[Task goal] Pictures aside, copy exactly each line from the one that holds "可開票 高品質 精品 中式庭院立柱洗手池花園大象立式洗手盆戶外陽臺洗臉洗漱臺拖把池" through the last line of the records below.

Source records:
::::
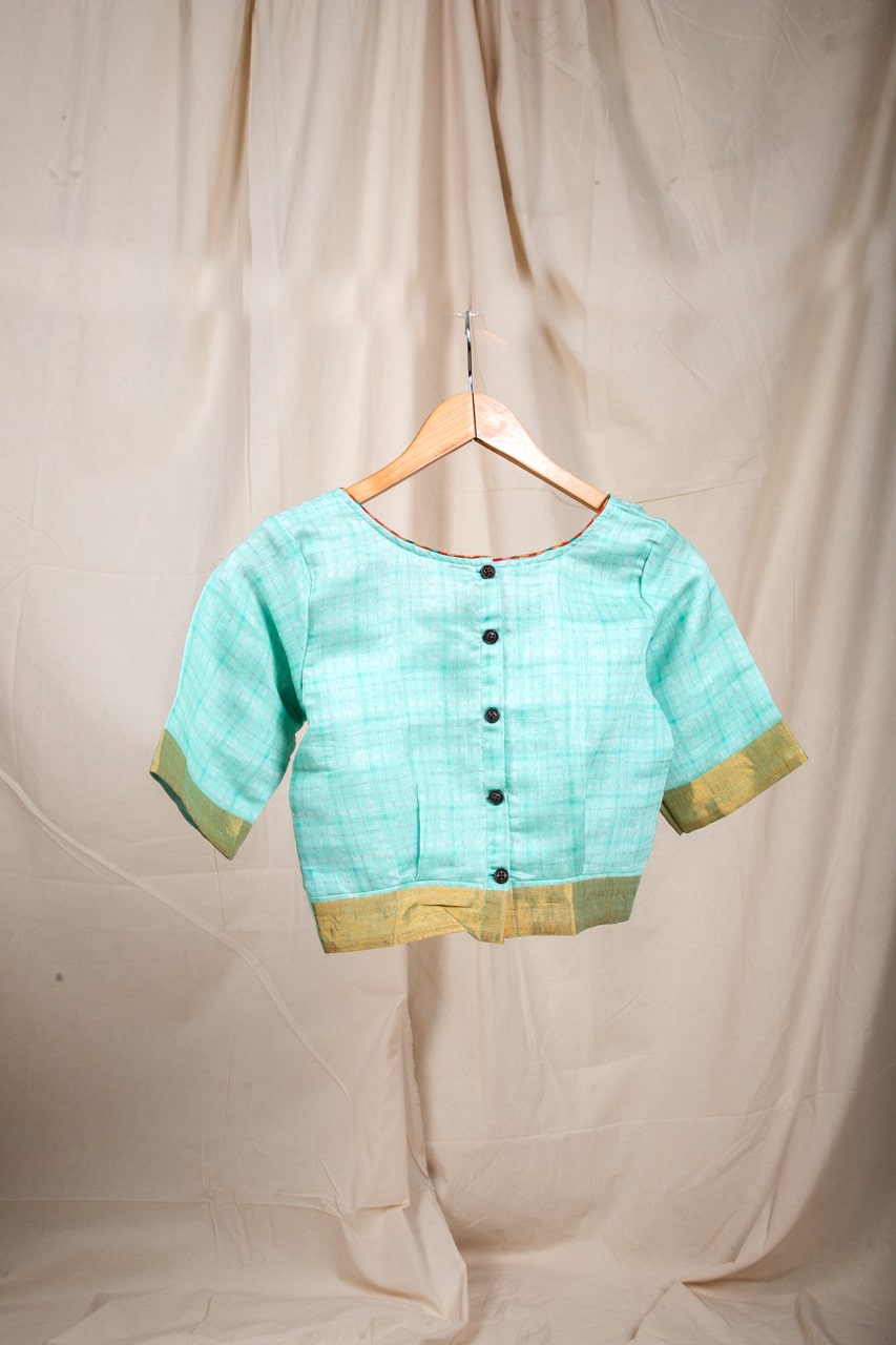 This back open blouse has a multi colour piping at the neck with a simple pleat styling.the sleeves has zari at its end.
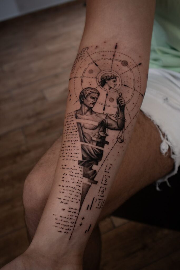 Some men choose a detailed libra goddess tattoo, reimagined as a warrior figure, while others go for a clean libra constellation tattoo across the or for a more subtle nod to their sign.
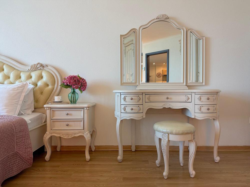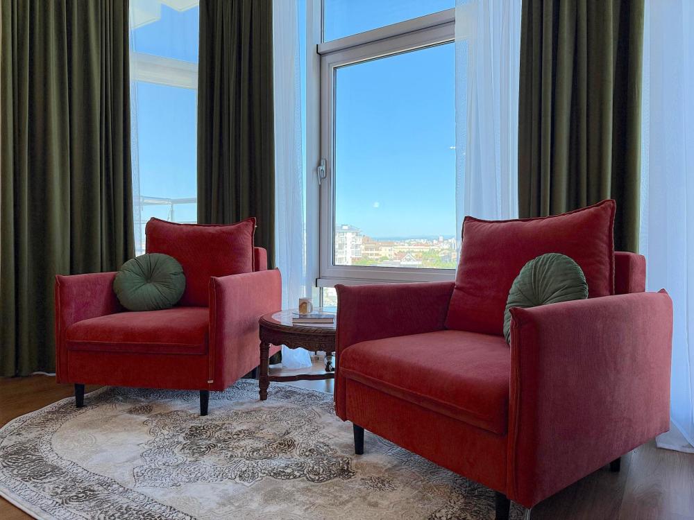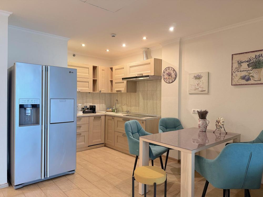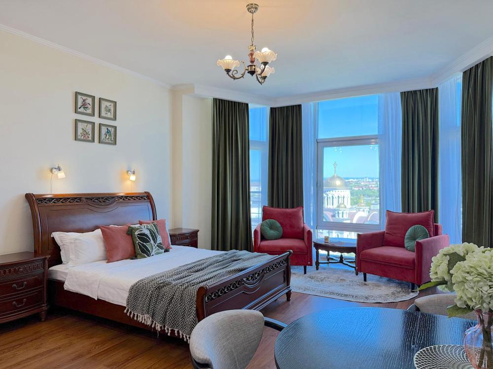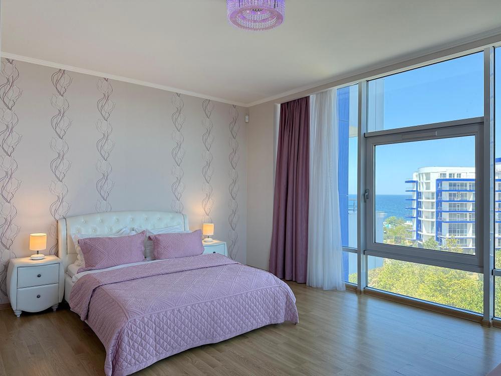 Апартаменты вместимостью до 4 человек. В апартаментах есть все, что необходимо для комфортного проживания: двуспальная кровать с ортопедическим матрацем, раскладной диван, сатиновое постельное бельё, комплекты махровых полотенец, махровые халаты и тапочки для взрослых гостей, кондиционер, телевизор, Wi-Fi, сейф, холодильник, варочная поверхность, духовой шкаф, микроволновая печь, мультиварка, электрочайник и капсульная кофемашина, фильтр для воды, посуда, обеденный стол и стулья, шкаф-купе, гигиенические и гладильные принадлежности, стиральная машина, сушилка для белья, фен.
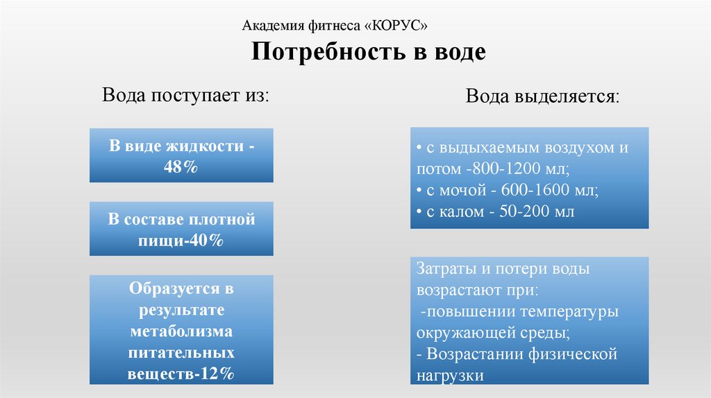 Академия фитнеса «КОРУС»Потребность в воде
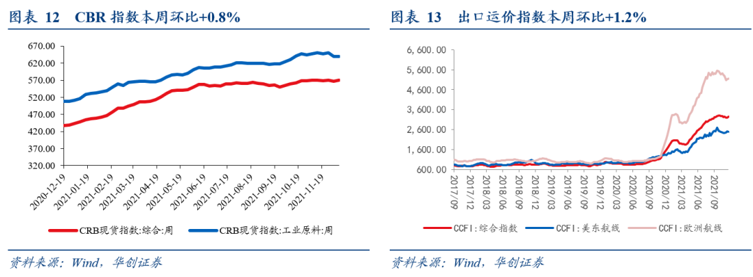 BDI指数本周环比+9.2%,连续第3周回升;CRB现货指数与工业原料指数本周环比+0.8%、-0.1%;中国进口干散货运价指数本周环比+3.4%,出口运价指数本周环比+1.2%,其中美东航线与欧洲航线运价指数分别环比-1%、+0.8%。
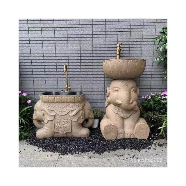 可開票 高品質 精品 中式庭院立柱洗手池花園大象立式洗手盆戶外陽臺洗臉洗漱臺拖把池
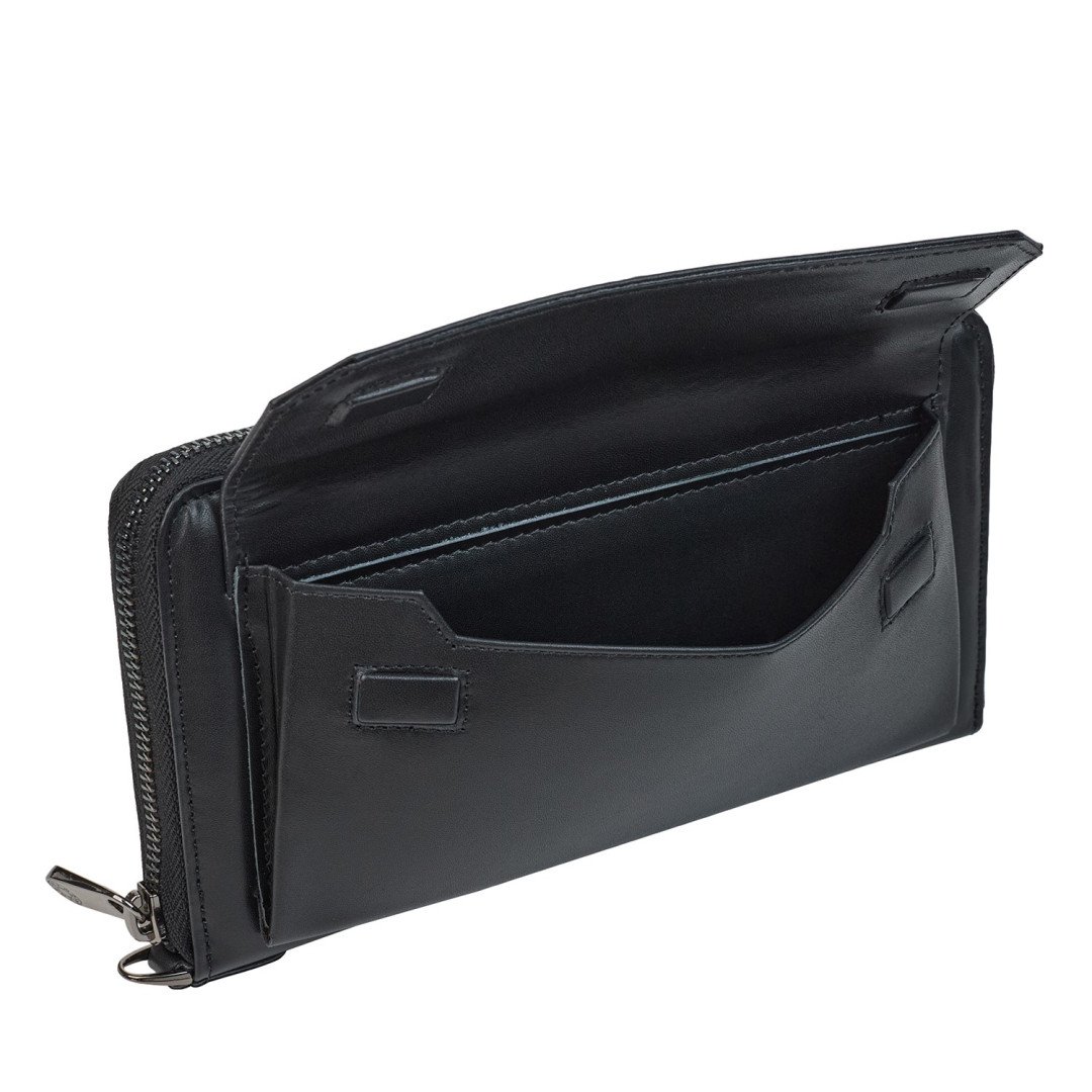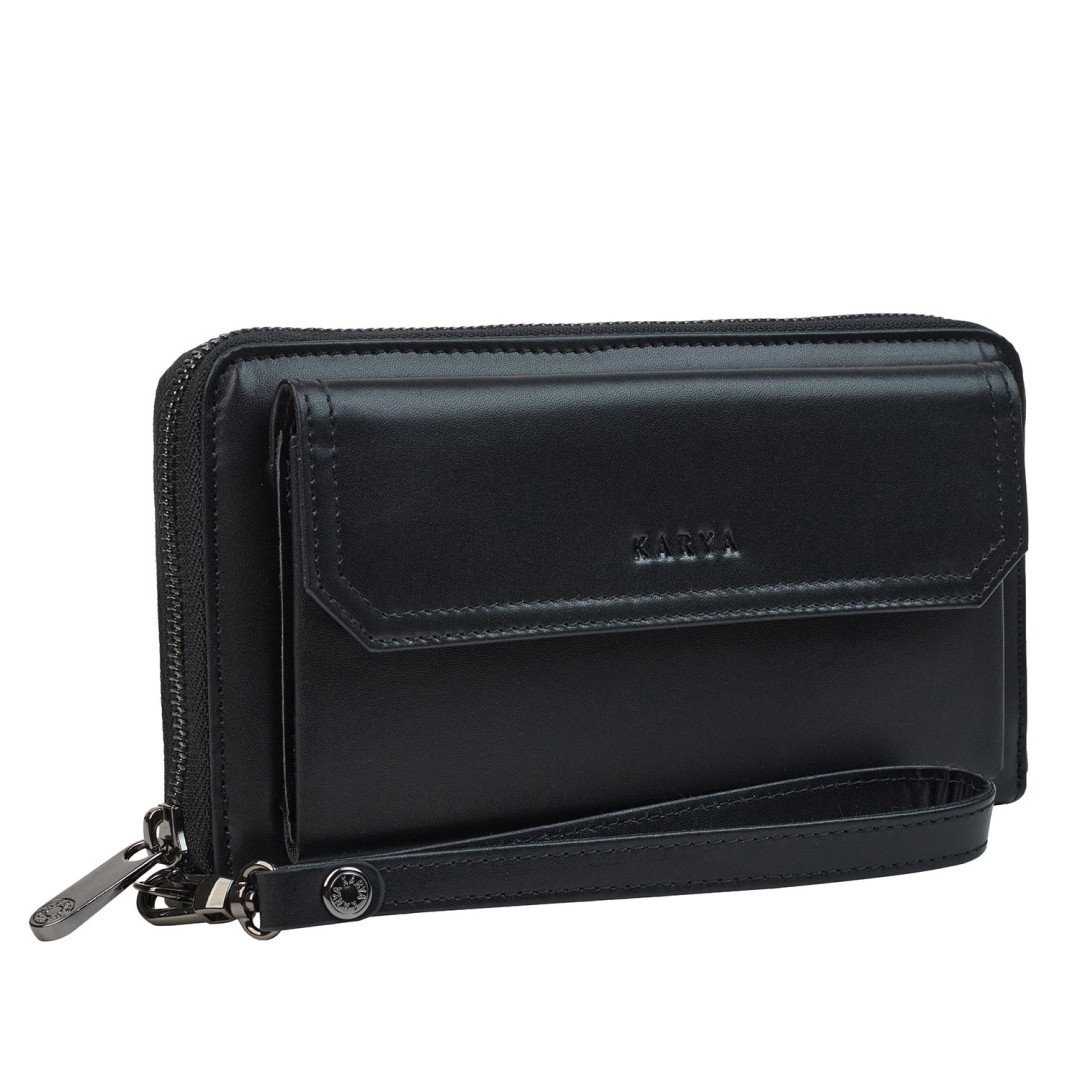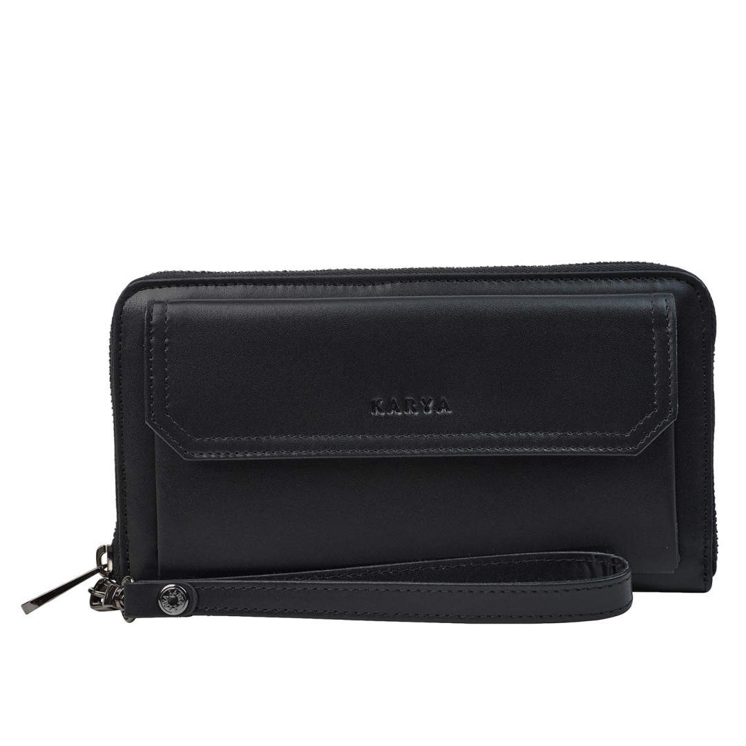 Мужской клатч Karya выполнен из натуральной гладкой кожи в черном цвете.
::::
[Answer to the exercise]
 可開票 高品質 精品 中式庭院立柱洗手池花園大象立式洗手盆戶外陽臺洗臉洗漱臺拖把池
 Мужской клатч Karya выполнен из натуральной гладкой кожи в черном цвете.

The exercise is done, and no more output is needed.